Audit a skill against the quality checklist based on Anthropic’s internal best practices for Claude Code skills. Reads the skill’s SKILL.md, references/, scripts/, and evaluates across 12 dimensions.
# /skill-audit
Audit a skill against the quality checklist based on Anthropic's internal best practices for Claude Code skills. Reads the skill's SKILL.md, references/, scripts/, and evaluates across 12 dimensions.
Source: https://x.com/trq212/status/2033949937936085378
## Checklist Reference
Full checklist with scoring rubric: `references/checklist.md`
## Steps
1. **Locate skill** from `$ARGUMENTS`:
- If name: search `skills/{name}/SKILL.md` in current project, then `~/.claude/plugins/**/skills/{name}/SKILL.md`
- If path: read directly
- If empty: list available skills via Glob `**/skills/*/SKILL.md`, ask via AskUserQuestion
2. **Read skill contents** (parallel):
- `SKILL.md` — main skill file
- `references/*` — all reference files (if dir exists)
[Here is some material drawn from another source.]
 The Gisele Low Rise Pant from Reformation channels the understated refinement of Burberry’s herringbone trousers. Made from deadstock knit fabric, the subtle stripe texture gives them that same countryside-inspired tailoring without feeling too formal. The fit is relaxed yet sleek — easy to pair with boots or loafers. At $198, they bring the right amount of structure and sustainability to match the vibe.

- `scripts/*` — all scripts (if dir exists)
- `assets/*` — all assets (if dir exists)
- Count total lines of SKILL.md
3. **Read checklist** from `references/checklist.md`
4. **Evaluate each dimension** — for every checklist item, assess based on what you read:
For each of the 12 dimensions:
- State what you found (evidence)
- Score 0, 1, or 2 (use rubric from checklist)
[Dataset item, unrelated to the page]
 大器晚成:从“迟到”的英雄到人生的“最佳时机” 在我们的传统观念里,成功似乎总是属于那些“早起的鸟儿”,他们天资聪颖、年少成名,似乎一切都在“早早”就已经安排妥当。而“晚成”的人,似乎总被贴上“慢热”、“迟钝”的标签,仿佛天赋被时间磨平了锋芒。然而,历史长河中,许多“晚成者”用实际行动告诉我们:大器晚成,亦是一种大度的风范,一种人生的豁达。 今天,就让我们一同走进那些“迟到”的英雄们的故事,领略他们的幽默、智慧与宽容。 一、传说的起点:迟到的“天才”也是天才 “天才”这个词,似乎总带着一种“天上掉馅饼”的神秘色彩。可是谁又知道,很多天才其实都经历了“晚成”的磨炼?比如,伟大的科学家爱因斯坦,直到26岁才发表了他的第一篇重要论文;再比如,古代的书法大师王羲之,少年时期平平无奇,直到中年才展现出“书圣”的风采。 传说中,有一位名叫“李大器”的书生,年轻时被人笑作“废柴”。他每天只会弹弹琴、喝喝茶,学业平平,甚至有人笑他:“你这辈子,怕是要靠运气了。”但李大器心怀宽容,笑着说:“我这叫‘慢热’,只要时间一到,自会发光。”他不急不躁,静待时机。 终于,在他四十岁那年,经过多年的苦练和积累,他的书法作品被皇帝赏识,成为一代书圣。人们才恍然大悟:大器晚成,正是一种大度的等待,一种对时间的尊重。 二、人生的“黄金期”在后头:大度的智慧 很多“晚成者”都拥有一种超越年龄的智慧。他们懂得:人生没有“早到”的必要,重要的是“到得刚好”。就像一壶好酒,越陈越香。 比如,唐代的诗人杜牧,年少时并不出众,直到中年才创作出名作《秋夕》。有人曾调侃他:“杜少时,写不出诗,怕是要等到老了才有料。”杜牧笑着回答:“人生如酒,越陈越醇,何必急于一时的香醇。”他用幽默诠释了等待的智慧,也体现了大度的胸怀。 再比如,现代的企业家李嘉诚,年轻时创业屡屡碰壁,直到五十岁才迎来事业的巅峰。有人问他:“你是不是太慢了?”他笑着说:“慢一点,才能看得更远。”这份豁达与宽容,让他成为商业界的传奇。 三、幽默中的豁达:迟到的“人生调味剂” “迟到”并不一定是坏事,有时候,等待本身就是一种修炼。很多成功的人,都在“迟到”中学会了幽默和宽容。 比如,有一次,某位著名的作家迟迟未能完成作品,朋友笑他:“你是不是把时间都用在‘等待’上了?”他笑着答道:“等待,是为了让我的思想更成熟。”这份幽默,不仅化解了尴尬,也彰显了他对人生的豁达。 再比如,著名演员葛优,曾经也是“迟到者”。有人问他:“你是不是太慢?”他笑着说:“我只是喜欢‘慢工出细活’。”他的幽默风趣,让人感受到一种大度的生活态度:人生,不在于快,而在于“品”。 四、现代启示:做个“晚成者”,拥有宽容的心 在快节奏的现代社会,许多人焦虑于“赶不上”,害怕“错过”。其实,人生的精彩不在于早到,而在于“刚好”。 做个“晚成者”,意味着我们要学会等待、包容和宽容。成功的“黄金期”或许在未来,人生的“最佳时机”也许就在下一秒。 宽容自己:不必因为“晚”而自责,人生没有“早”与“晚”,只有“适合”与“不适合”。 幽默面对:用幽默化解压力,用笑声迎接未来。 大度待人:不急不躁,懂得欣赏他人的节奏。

- If score < 2: give one specific fix
5. **Determine category** — classify skill into one of 9 types from checklist. Flag if it straddles multiple.
6. **Output scorecard:**
```
## Skill Audit: {skill-name}
**Score:** {N}/24 (Grade: {A/B/C/D/F})
**Category:** {type}
**SKILL.md:** {N} lines | **References:** {N} files | **Scripts:** {N} files
| # | Dimension | Score | Notes |
|---|-----------|-------|-------|
| 1 | Category Fit | {0-2} | {one line} |
| 2 | Description Quality | {0-2} | {one line} |
| 3 | Progressive Disclosure | {0-2} | {one line} |
| 4 | Gotchas | {0-2} | {one line} |
| 5 | Don't State Obvious | {0-2} | {one line} |
| 6 | Flexibility | {0-2} | {one line} |
| 7 | Setup & Config | {0-2} | {one line} |
| 8 | Memory & State | {0-2} | {one line} |
| 9 | Scripts & Code | {0-2} | {one line} |
| 10 | Allowed Tools | {0-2} | {one line} |
| 11 | Argument Handling | {0-2} | {one line} |
| 12 | Output & Artifacts | {0-2} | {one line} |
### Top 3 Fixes (highest impact)
1. {fix}
2. {fix}
3. {fix}
```
7. **Batch mode** — if `$ARGUMENTS` is "all" or "*":
- Find all skills via Glob
- Run audit on each
- Output summary table sorted by score (worst first)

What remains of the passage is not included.